**Work instruction**
Search the data for the word "Pengembangan". Reproduce every line where it is found.
Dataset excerpts Start Marker
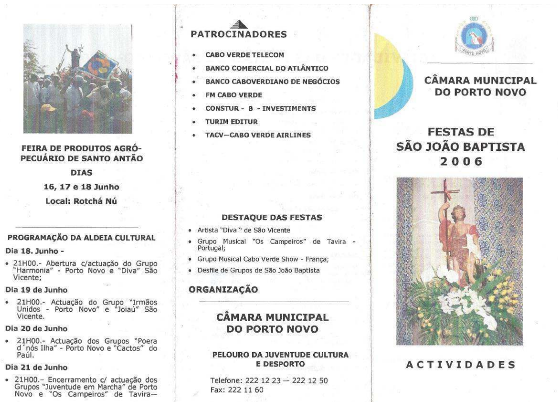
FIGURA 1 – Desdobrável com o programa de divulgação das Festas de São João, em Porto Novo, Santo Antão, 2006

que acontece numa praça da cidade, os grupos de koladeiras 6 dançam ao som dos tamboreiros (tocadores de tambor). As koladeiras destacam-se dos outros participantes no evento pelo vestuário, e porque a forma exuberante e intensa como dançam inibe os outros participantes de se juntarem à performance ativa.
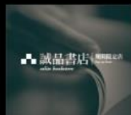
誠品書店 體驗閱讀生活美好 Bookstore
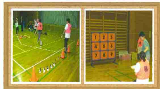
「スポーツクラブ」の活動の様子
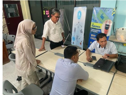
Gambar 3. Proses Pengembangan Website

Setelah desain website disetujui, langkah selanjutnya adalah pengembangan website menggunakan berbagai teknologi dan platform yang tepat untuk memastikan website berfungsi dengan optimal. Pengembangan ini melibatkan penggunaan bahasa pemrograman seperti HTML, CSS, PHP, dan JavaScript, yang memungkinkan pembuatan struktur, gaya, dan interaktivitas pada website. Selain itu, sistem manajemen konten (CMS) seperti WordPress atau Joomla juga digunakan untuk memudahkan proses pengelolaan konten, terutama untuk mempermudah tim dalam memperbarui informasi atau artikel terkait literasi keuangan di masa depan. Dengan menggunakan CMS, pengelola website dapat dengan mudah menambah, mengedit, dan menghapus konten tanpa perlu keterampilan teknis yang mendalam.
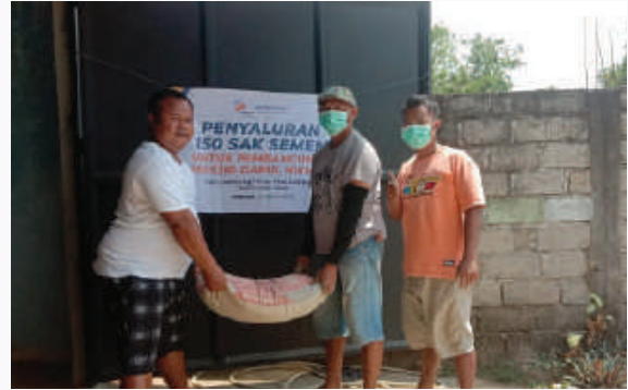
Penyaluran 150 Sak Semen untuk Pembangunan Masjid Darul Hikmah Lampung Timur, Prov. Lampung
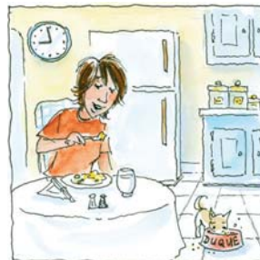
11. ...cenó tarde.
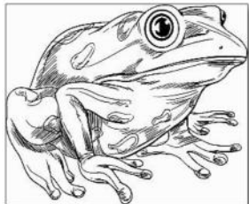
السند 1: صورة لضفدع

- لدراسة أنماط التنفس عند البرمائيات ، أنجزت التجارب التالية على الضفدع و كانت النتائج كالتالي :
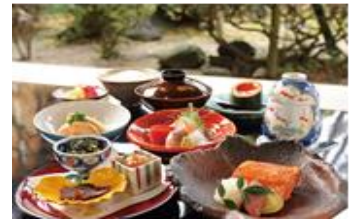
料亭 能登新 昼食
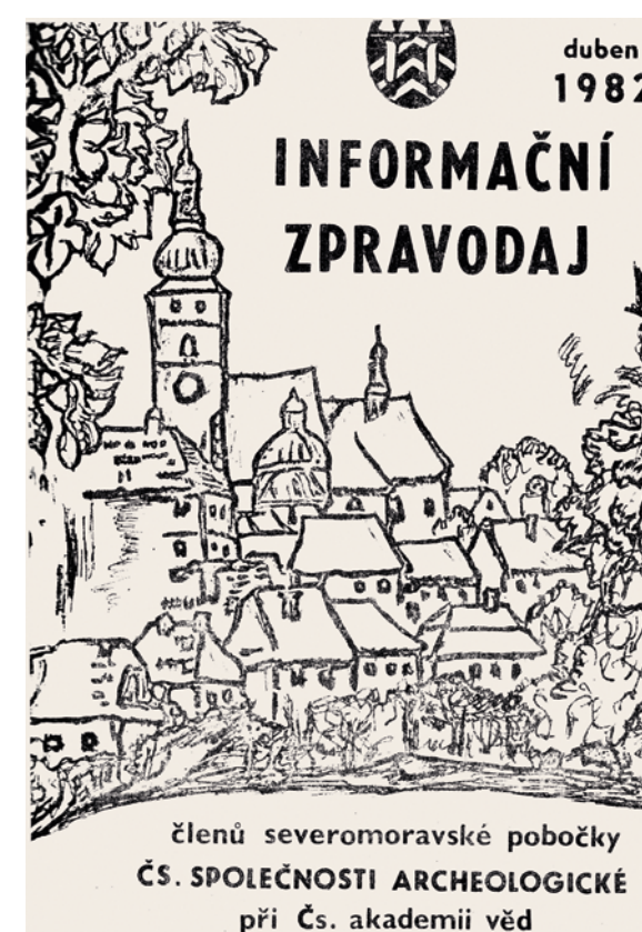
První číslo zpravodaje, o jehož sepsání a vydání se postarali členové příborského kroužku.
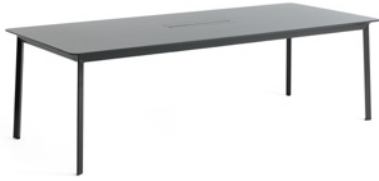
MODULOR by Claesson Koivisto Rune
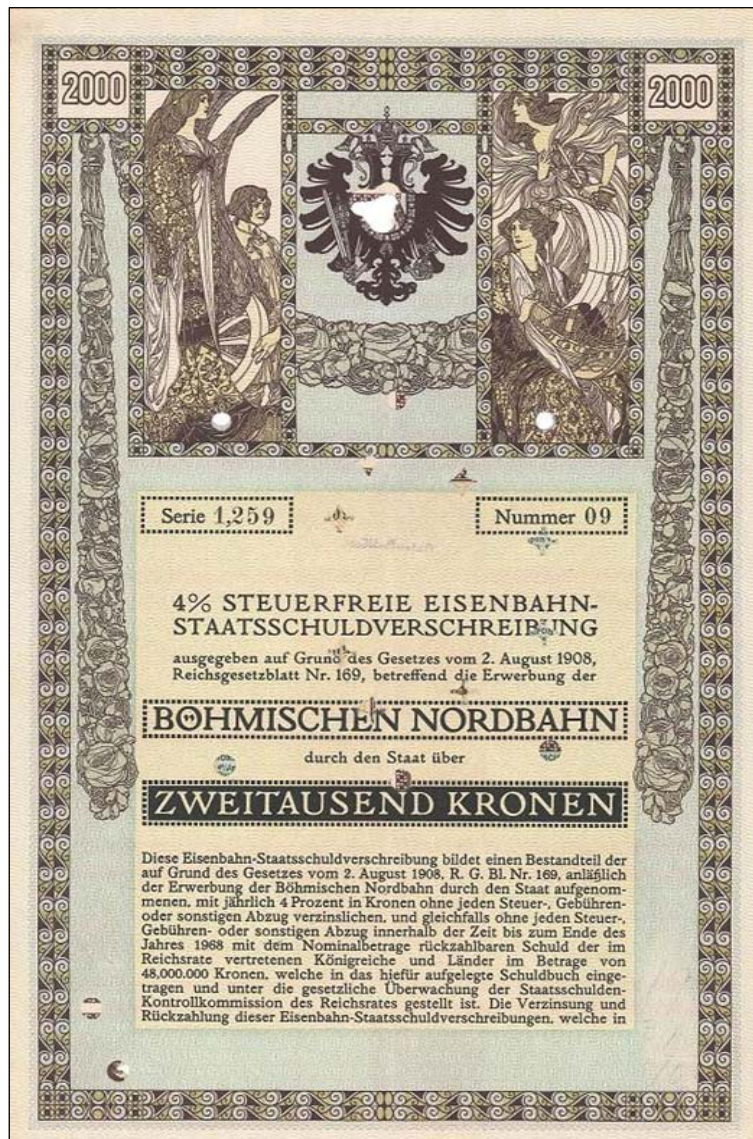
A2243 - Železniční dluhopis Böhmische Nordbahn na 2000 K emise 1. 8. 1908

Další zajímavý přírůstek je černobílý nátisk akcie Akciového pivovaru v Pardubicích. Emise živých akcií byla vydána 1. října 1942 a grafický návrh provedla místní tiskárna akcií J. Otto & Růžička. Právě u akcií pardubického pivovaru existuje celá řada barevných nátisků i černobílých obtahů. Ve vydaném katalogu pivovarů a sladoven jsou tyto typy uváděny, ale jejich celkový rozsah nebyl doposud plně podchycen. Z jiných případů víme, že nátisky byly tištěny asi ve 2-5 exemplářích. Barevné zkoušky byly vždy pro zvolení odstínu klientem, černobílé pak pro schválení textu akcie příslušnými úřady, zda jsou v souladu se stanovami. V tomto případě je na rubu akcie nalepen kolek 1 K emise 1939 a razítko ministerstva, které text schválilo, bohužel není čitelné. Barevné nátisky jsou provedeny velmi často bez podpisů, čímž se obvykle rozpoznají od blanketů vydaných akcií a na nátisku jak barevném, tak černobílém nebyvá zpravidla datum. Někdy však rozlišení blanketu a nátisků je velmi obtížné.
Dataset excerpts End Marker
**Answer area**
Gambar 3. Proses Pengembangan Website
Setelah desain website disetujui, langkah selanjutnya adalah pengembangan website menggunakan berbagai teknologi dan platform yang tepat untuk memastikan website berfungsi dengan optimal. Pengembangan ini melibatkan penggunaan bahasa pemrograman seperti HTML, CSS, PHP, dan JavaScript, yang memungkinkan pembuatan struktur, gaya, dan interaktivitas pada website. Selain itu, sistem manajemen konten (CMS) seperti WordPress atau Joomla juga digunakan untuk memudahkan proses pengelolaan konten, terutama untuk mempermudah tim dalam memperbarui informasi atau artikel terkait literasi keuangan di masa depan. Dengan menggunakan CMS, pengelola website dapat dengan mudah menambah, mengedit, dan menghapus konten tanpa perlu keterampilan teknis yang mendalam.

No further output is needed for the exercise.